## DATA LISTING
■ ■ ■ ■
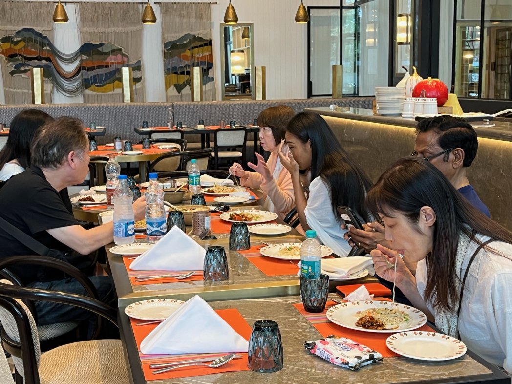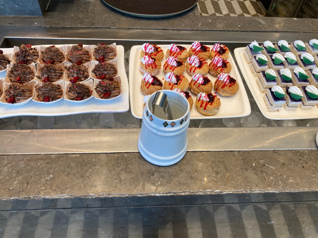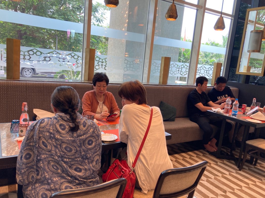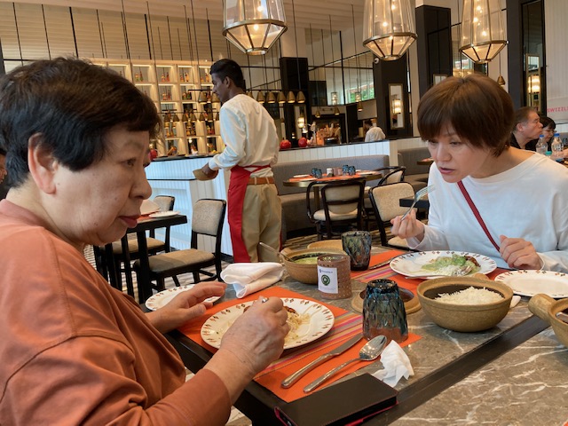 ホテルのレストランでランチ。 お食事に降りてくる人、だんだん少なくなってくるような….
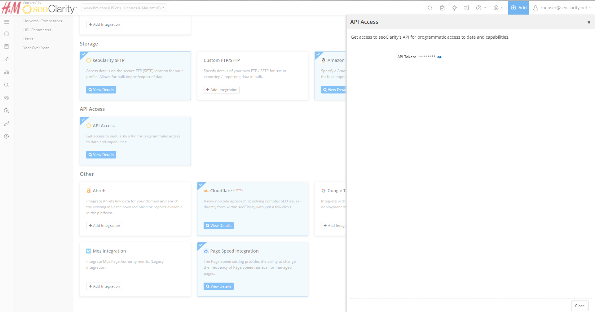 Standard API Overview seoClarity's API provides you programmatic access to a wealth of data, statistics and information collected by the seoClarity platform. The API is designed to be extremely simple to use and flexible to accommodate a wide range ...
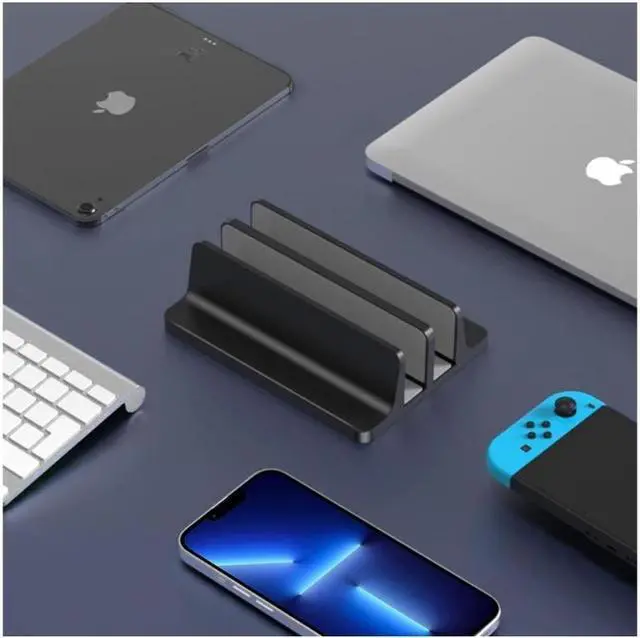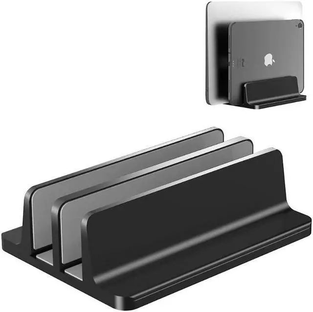 Vertical Laptop Stand Holder, Desktop Aluminum MacBook Stand with Adjustable Dock Size(2 Slots), Fits All MacBook, Surface, Chromebook and Gaming Laptops (Black)
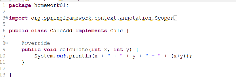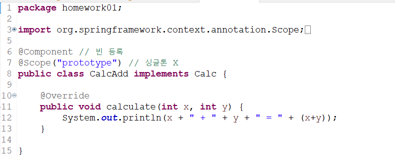 <bean id="calcAdd" class="homework01.CalcAdd" scope="prototype"></bean>
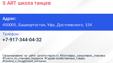 S-АRT, школа танцев по адресу 450005, Башкортостан, Уфа, Достоевского, 154 в дальнейшем Организация, размещена в следующих категориях:
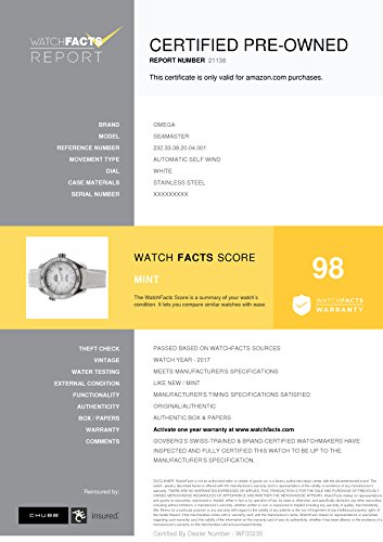 -. Feature : Omega Seamaster 232.33.38.20.04.001 with white dial / Authenticated by WatchFacts. Grade Rating: 98 / Condition: Mint / Comes with original box and manufacturer's papers offered with this watch / Automatic-self-wind movement / Watch year: 2017
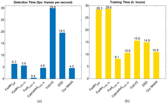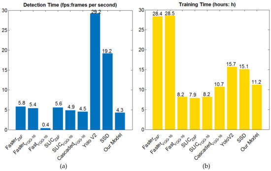 Detection time and training time on the VEDAI 512 set (a) detection time (b) training time.
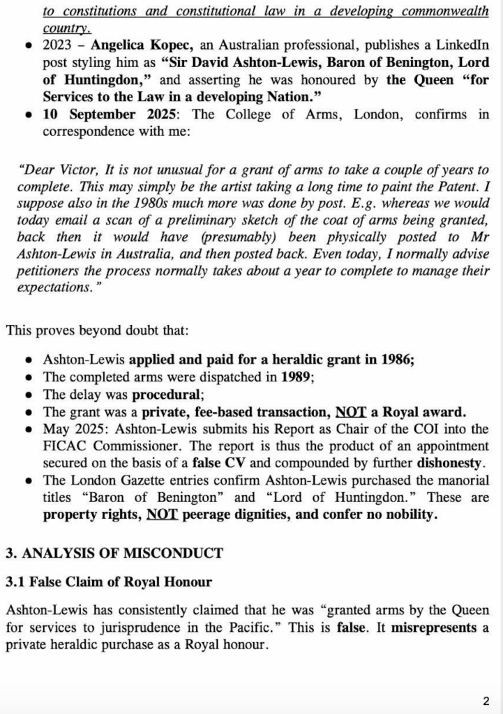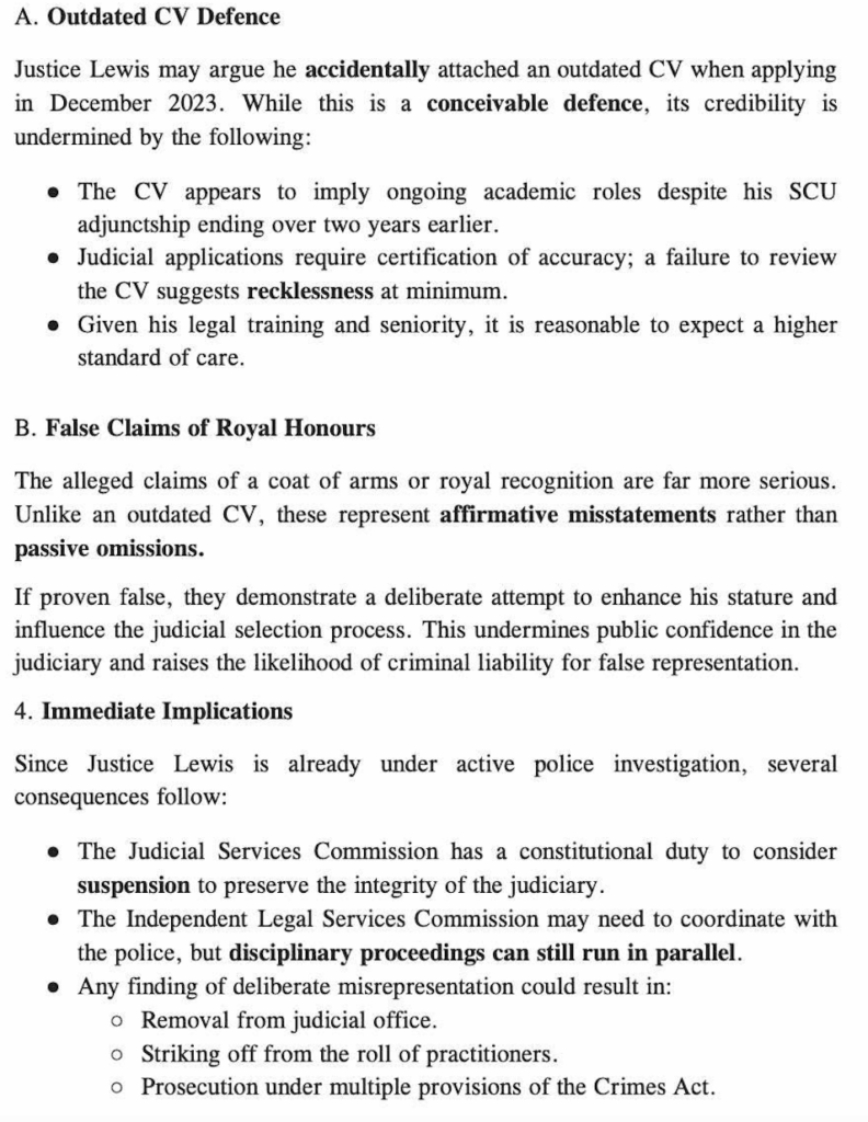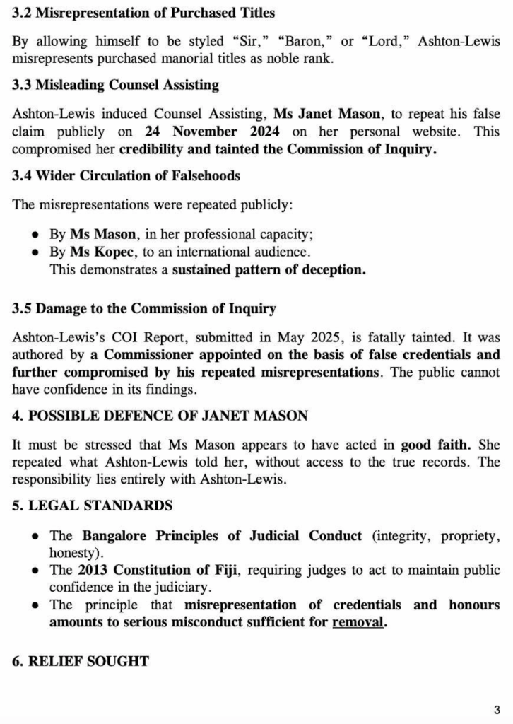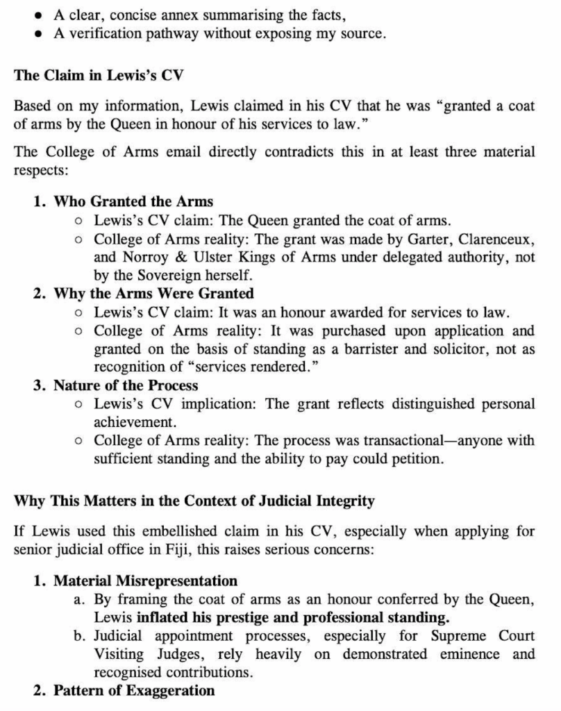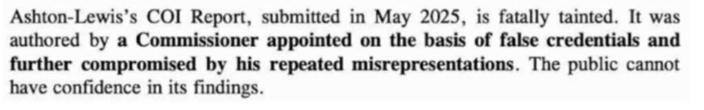 Sadly for Victor Lal, not only has he been exposed but the tactic isn’t going to work. Why? Because his complaint doesn’t relate to any of the substance of the findings of the COI but allegations that Justice Ashton Lewis “may have” misrepresented some of his accomplishments, including allegedly claiming a “false royal honour”.
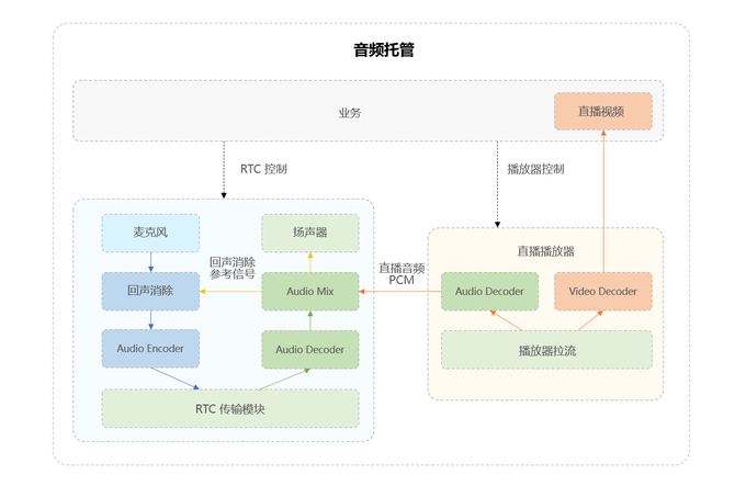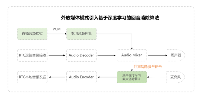 为了解决边看边聊场景的回声问题,RTC 和播放器提供了播放器音频托管由 RTC 来播放的解决方案,由播放器将解码后的直播音频数据调用 RTC 音频托管接口来播放;在 RTC 内部,直播音频会和远端用户音频进行混合,再调用系统音频播放接口进行播放,同时将混合信号送到 RTC 回声消除模块,回声消除模块会将麦克风采集到的声音中的远端音频和直播比赛声音消除,这样就得到了没有回声的本地人声数据,这些数据会在编码后送到远端,避免了回声问题的出现。
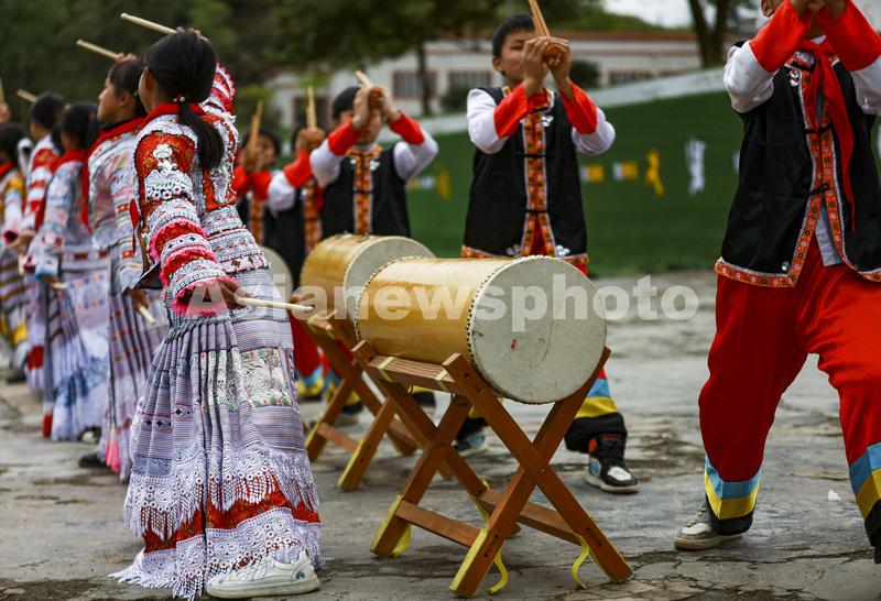 2022年4月18日,学生在贵州省黔西市新仁苗族乡新仁小学操场练习打鼓芦笙舞。
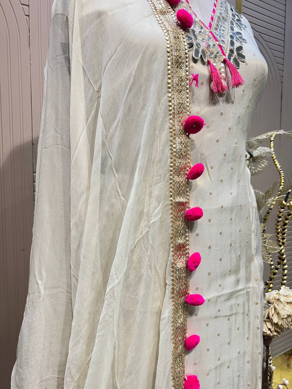 Mirror Work Polka Dotted Unstitched Suit with Pom-Pom Dupatta
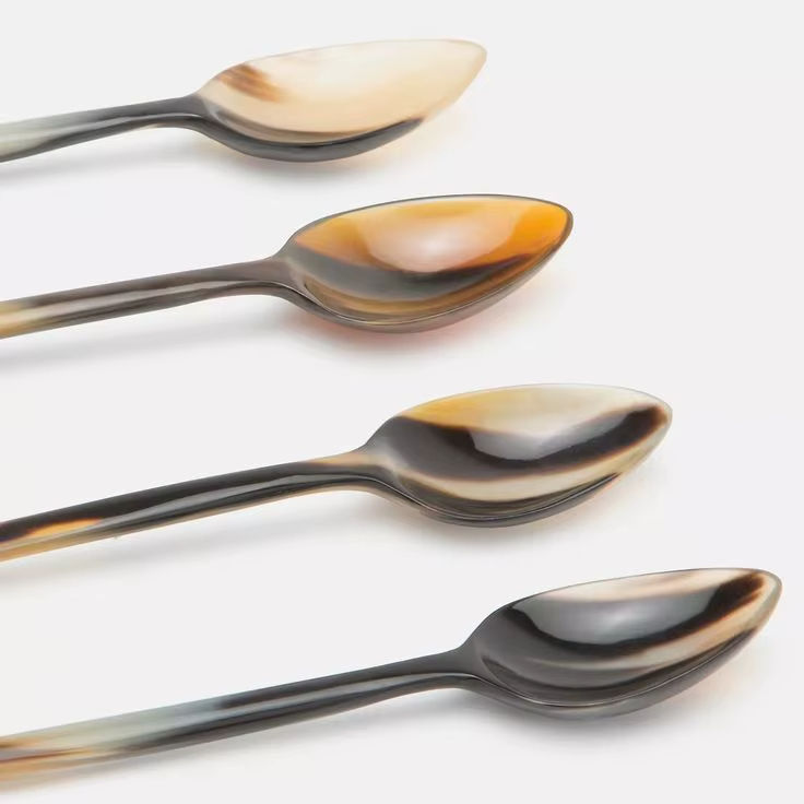 Ensemble de couverts indiens faits à la main réutilisables de 6 pièces en bois miroir avec acier écologique et élégant
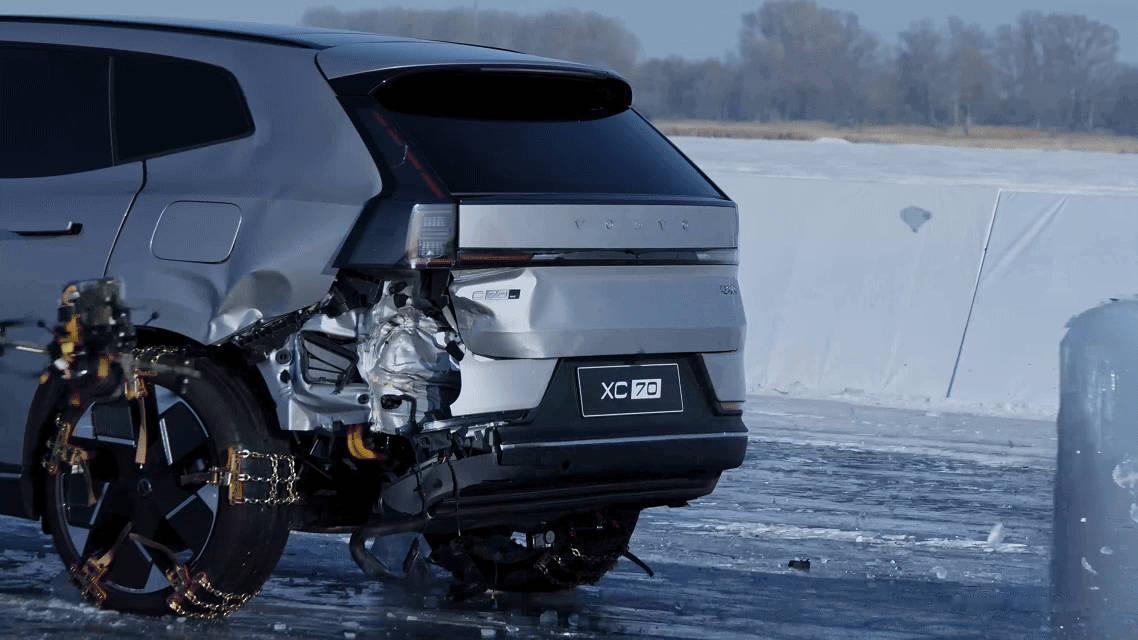 6.5吨无溃缩实心冰壶、-30℃极寒环境、多次随机连环撞击,碰撞能量远超国标常规双车测试,几乎所有冲击全靠XC70车身独自硬扛。
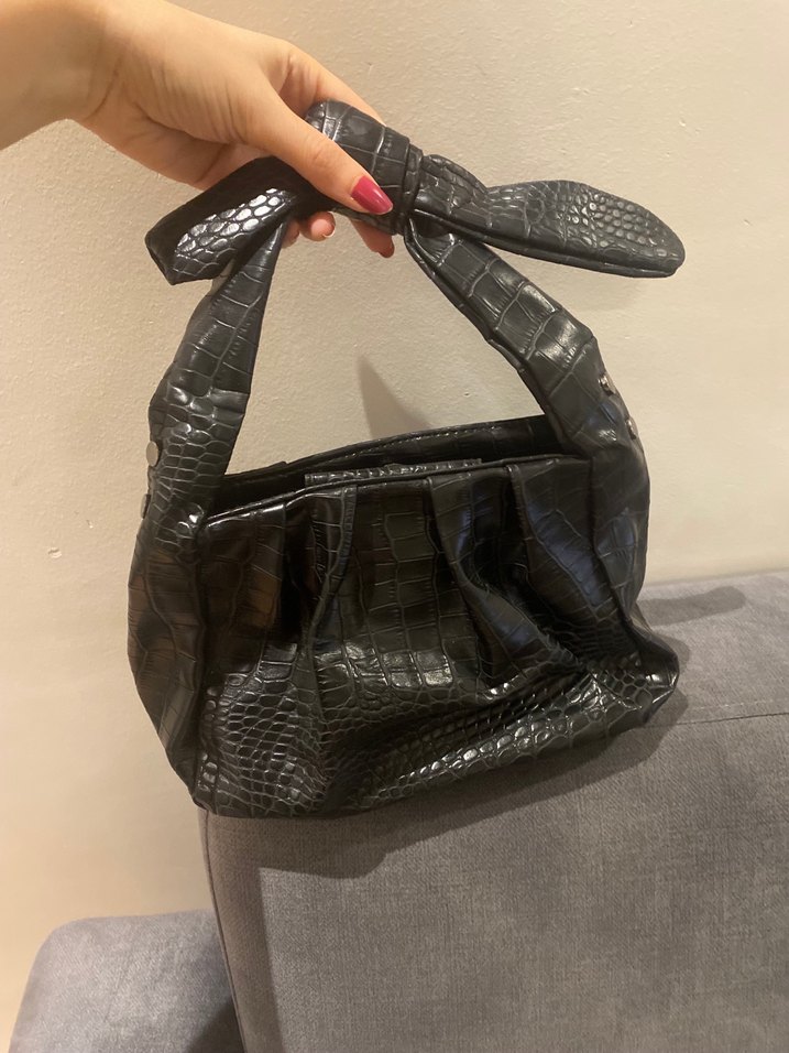 Siyah yılan derisi desenli, tokalı saplı deri kadın çantası, sokak modasına uygun ve günlük kullanıma ideal. Tertemiz. Evden cıksın diye cok uygun fiyata
■ ■ ■ ■
## PROBLEM DESCRIPTION
Your answer should be an exact copy of the records above, with no pictures in it.

## SOLVED EXERCISE
 ホテルのレストランでランチ。 お食事に降りてくる人、だんだん少なくなってくるような….
 Standard API Overview seoClarity's API provides you programmatic access to a wealth of data, statistics and information collected by the seoClarity platform. The API is designed to be extremely simple to use and flexible to accommodate a wide range ...
 Vertical Laptop Stand Holder, Desktop Aluminum MacBook Stand with Adjustable Dock Size(2 Slots), Fits All MacBook, Surface, Chromebook and Gaming Laptops (Black)
 <bean id="calcAdd" class="homework01.CalcAdd" scope="prototype"></bean>
 S-АRT, школа танцев по адресу 450005, Башкортостан, Уфа, Достоевского, 154 в дальнейшем Организация, размещена в следующих категориях:
 -. Feature : Omega Seamaster 232.33.38.20.04.001 with white dial / Authenticated by WatchFacts. Grade Rating: 98 / Condition: Mint / Comes with original box and manufacturer's papers offered with this watch / Automatic-self-wind movement / Watch year: 2017
 Detection time and training time on the VEDAI 512 set (a) detection time (b) training time.
 Sadly for Victor Lal, not only has he been exposed but the tactic isn’t going to work. Why? Because his complaint doesn’t relate to any of the substance of the findings of the COI but allegations that Justice Ashton Lewis “may have” misrepresented some of his accomplishments, including allegedly claiming a “false royal honour”.
 为了解决边看边聊场景的回声问题,RTC 和播放器提供了播放器音频托管由 RTC 来播放的解决方案,由播放器将解码后的直播音频数据调用 RTC 音频托管接口来播放;在 RTC 内部,直播音频会和远端用户音频进行混合,再调用系统音频播放接口进行播放,同时将混合信号送到 RTC 回声消除模块,回声消除模块会将麦克风采集到的声音中的远端音频和直播比赛声音消除,这样就得到了没有回声的本地人声数据,这些数据会在编码后送到远端,避免了回声问题的出现。
 2022年4月18日,学生在贵州省黔西市新仁苗族乡新仁小学操场练习打鼓芦笙舞。
 Mirror Work Polka Dotted Unstitched Suit with Pom-Pom Dupatta
 Ensemble de couverts indiens faits à la main réutilisables de 6 pièces en bois miroir avec acier écologique et élégant
 6.5吨无溃缩实心冰壶、-30℃极寒环境、多次随机连环撞击,碰撞能量远超国标常规双车测试,几乎所有冲击全靠XC70车身独自硬扛。
 Siyah yılan derisi desenli, tokalı saplı deri kadın çantası, sokak modasına uygun ve günlük kullanıma ideal. Tertemiz. Evden cıksın diye cok uygun fiyata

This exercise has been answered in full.